Dieser die Wiederherstellung des Beschlusses des Erstgerichts anstrebende Revisionsrekurs ist zulässig und auch berechtigt.

Rechtliche Beurteilung

Vorweg ist darauf hinzuweisen, daß nach hM über einen zur Zeit der Minderjährigkeit des Kindes gestellten Unterhaltsantrag auch dann im außerstreitigen Verfahren zu entscheiden ist, wenn der Minderjährige inzwischen volljährig wurde (Pichler in Rummel ABGB2 Rz 16 zu § 140 mwN). Zutreffend hat das Rekursgericht daher bemerkt, daß auch über das Simone M***** betreffende Herabsetzungsbegehren im Außerstreitverfahren zu erkennen ist.

Zutreffend wird von den Revisionsrekurswerbern geltend gemacht, daß das Rekursgericht den bereits eingangs erwähnten, im Akt mehrfach dokumentierten Umstand übersehen hat, daß die ursprüngliche Festsetzung des Geldunterhalts mit je S 5.000 monatlich unter der Prämisse der Erbringung eines zusätzlichen Naturalunterhalts von je S 660 monatlich erfolgt ist. Richtig weist der Revisionsrekurs darauf hin, daß das Erstgericht bei der aufgrund des Einverständnisses der Eltern erfolgten Festsetzung des Geldunterhaltes den vom Vater zu erbringenden und auch tatsächlich erbrachten Naturalunterhalt nicht angeführt hat. Insoweit wurde dem Grundsatz, daß als anrechenbar anerkannte Zahlungen des Unterhaltsschuldners im Bemessungsbeschluß gesondert auszuwerfen sind (vgl ÖA 1992, 112 U 43 ua), nicht Rechnung getragen. Dies kann aber nach der eindeutigen Aktenlage nichts daran ändern, daß der bisherige maßgebliche Gesamtunterhalt der beiden unterhaltsberechtigten Kinder, weil dabei auch Naturalleistungen von monatlich S 660 zu berücksichtigen waren, jeweils S 5.660 betrug.
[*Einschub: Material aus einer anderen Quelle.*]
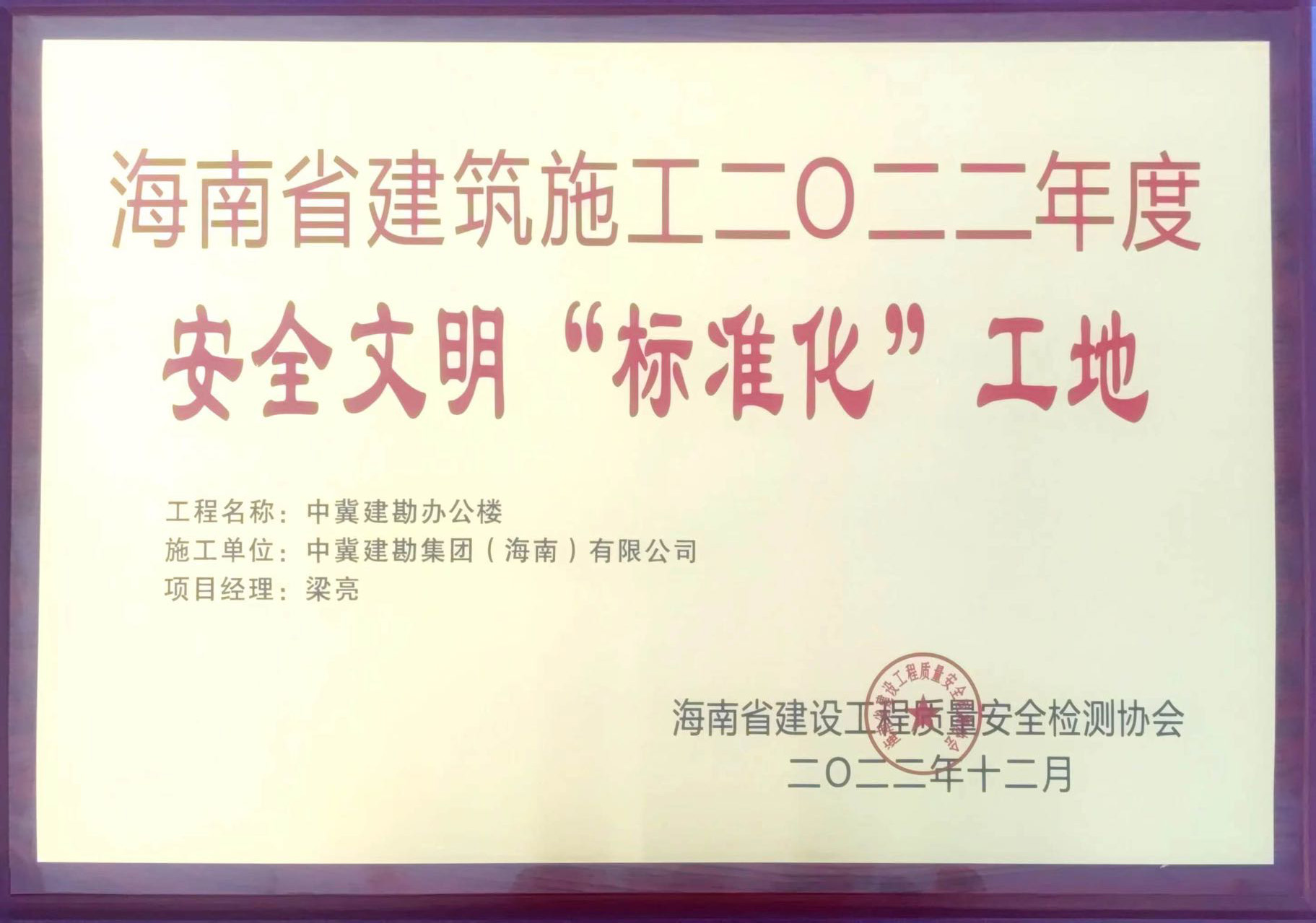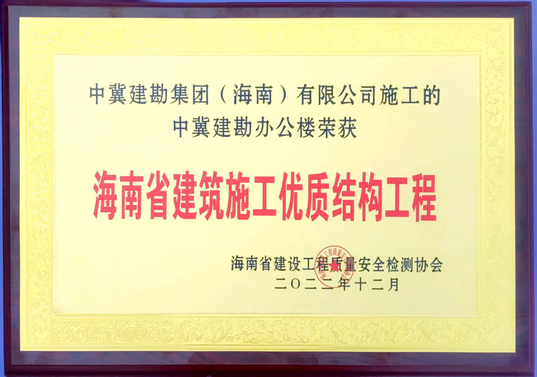 中冀建勘辦公樓榮獲“海南省建筑施工優(yōu)質(zhì)結(jié)構(gòu)工程”及海南省建筑施工二0二二年度安全文明“標(biāo)準(zhǔn)化”工地榮譽(yù)稱(chēng)號(hào)

Der sich im Hinblick auf das im Unterhaltsverfahren herrschende Antragsprinzip (1 Ob 607/94 ua) ergebende Rahmen bzw mögliche Höchstbetrag der gegenständlichen Unterhaltsfestsetzung beträgt daher nicht, wie das Rekursgericht vermeint, lediglich jeweils S 5.000, sondern jeweils S 5.660 monatlich.
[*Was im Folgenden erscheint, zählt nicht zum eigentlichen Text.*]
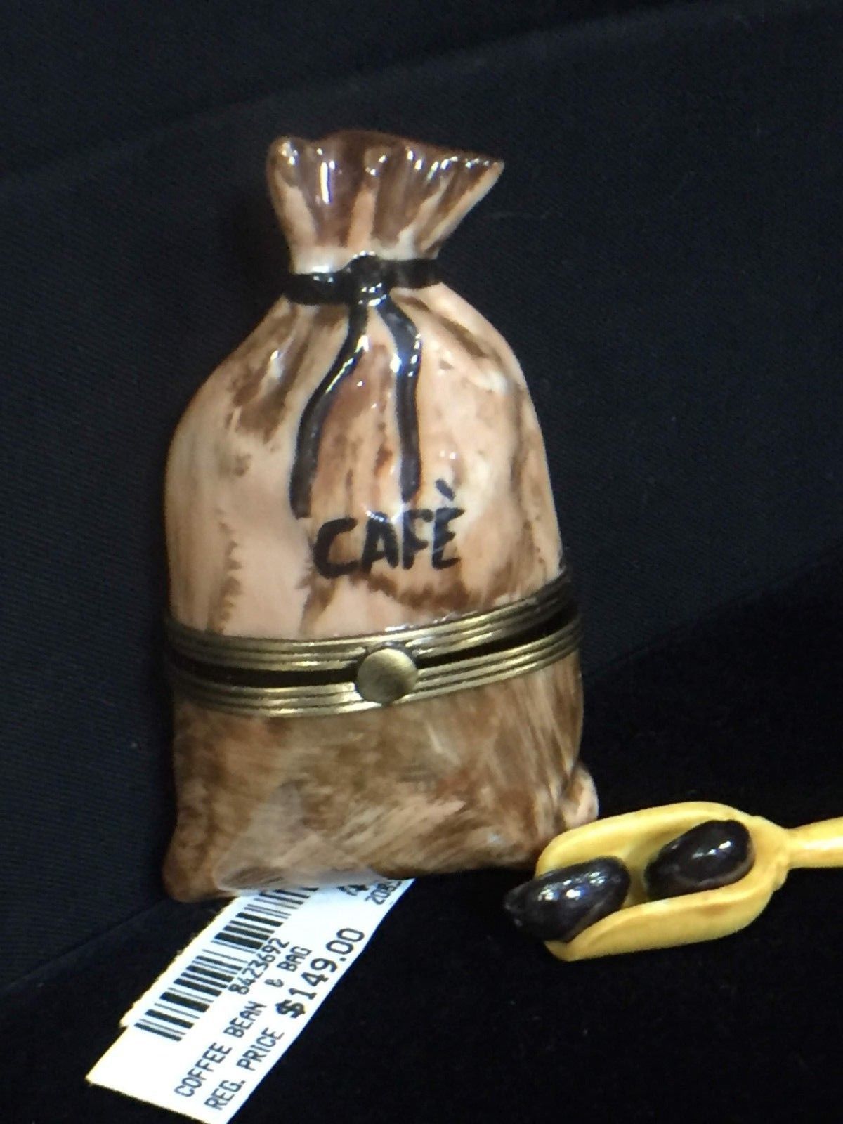 Title (ebay affiliate link): Antique Limoges Porcelain Peint Main: Coffee Bean Bag with Scoop Trinket Box

Damit erweist sich die Argumentation des Rekursgerichtes, schon die unstrittigen Einkünfte des Vaters von monatlich S 29.630 rechtfertigten monatliche Unterhaltszahlungen von je S 5.000, weshalb eine Herabsetzung nicht in Betracht komme, als verfehlt. Tatsächlich ist, wie bereits gesagt, im Hinblick auf den Antragsrahmen von einem maximalen Gesamtunterhalt von S 5.660 pro Kind auszugehen. Es zeigt sich daher, daß das Erstgericht einerseits diesen Rahmen unzulässigerweise überschritten hat, andererseits das Rekursgericht sich demnach mit den einzelnen Argumenten auseinanderzusetzen gehabt hätte, mit denen der Vater eine Herabsetzung des Gesamtunterhalts von je S 5.660 pro Kind anstrebt. Allein auf die Frage der Höhe der anzurechnenden Naturalleistungen muß nicht mehr eingegangen werden, da die Festsetzung mit je S 900 pro Monat durch die Vorinstanzen unbekämpft blieb.
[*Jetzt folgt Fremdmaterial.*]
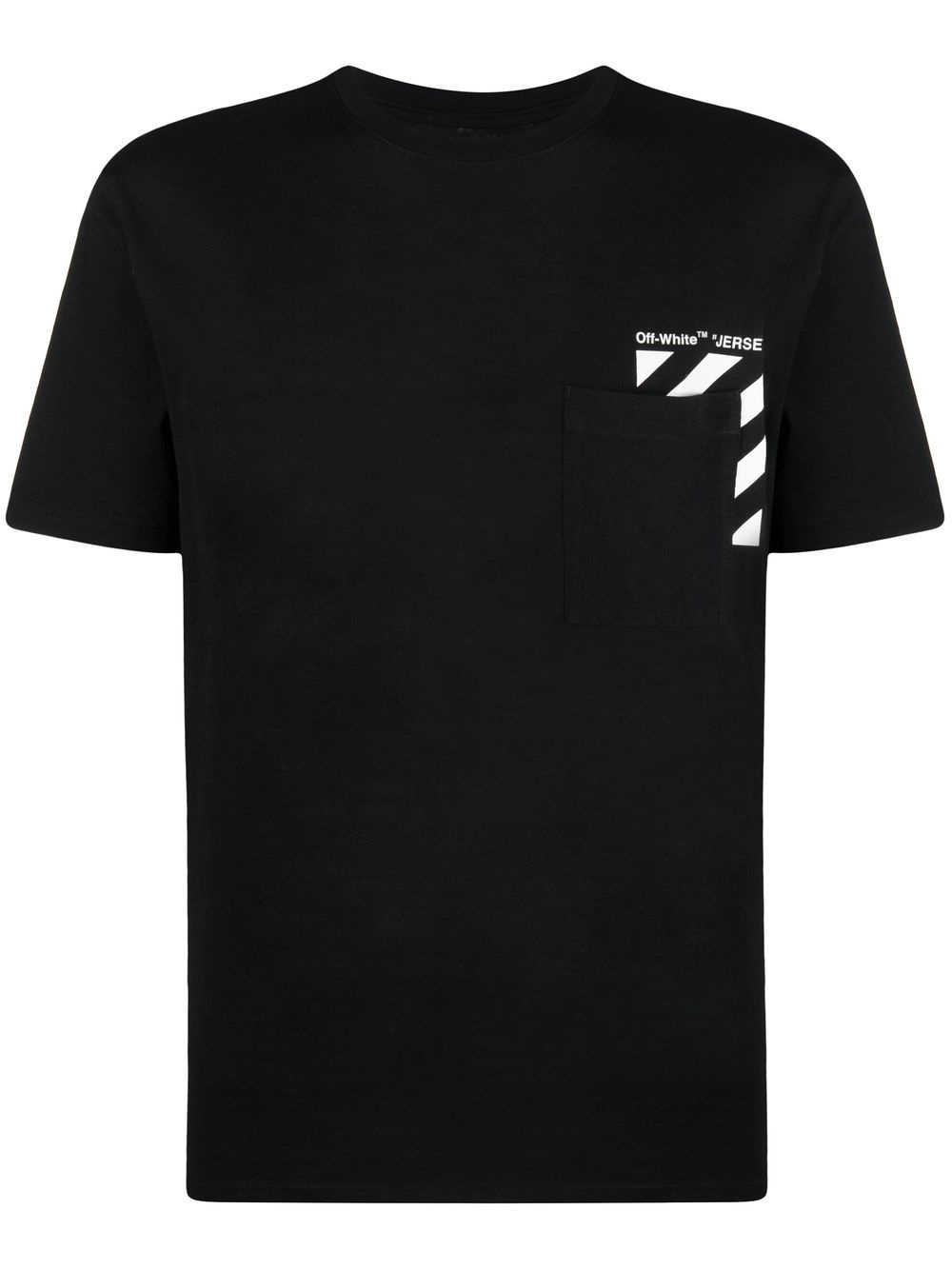 Description Diag-print T-shirt Highlights ['* black', '* cotton', '* signature Diag-stripe print', '* logo print to the front', '* signature quote motif', '* crew neck and short sleeves.'] Made in Portugal Composition Cotton 100%

Das Rekursgericht wird im fortzusetzenden Verfahren daher auf die einzelnen, die Höhe des Gesamtunterhalts betreffenden Argumente des Rekurses einzugehen haben.

Zu II.)

Der Vater wendet sich mit an das Rekursgericht gerichtetem Schriftsatz vom 8. 7. 1999 erkennbar gegen die Entscheidung des Rekursgerichtes, den Revisionsrekurs doch zuzulassen. Darüber wurde vom Rekursgericht nicht entschieden. Da nach § 13 Abs 4 AußStrG Aussprüche nach § 13 Abs 1 Z 2 AußStrG unanfechtbar sind, war die als Rekurs aufzufassende Eingabe des Vaters spruchgemäß zurückzuweisen.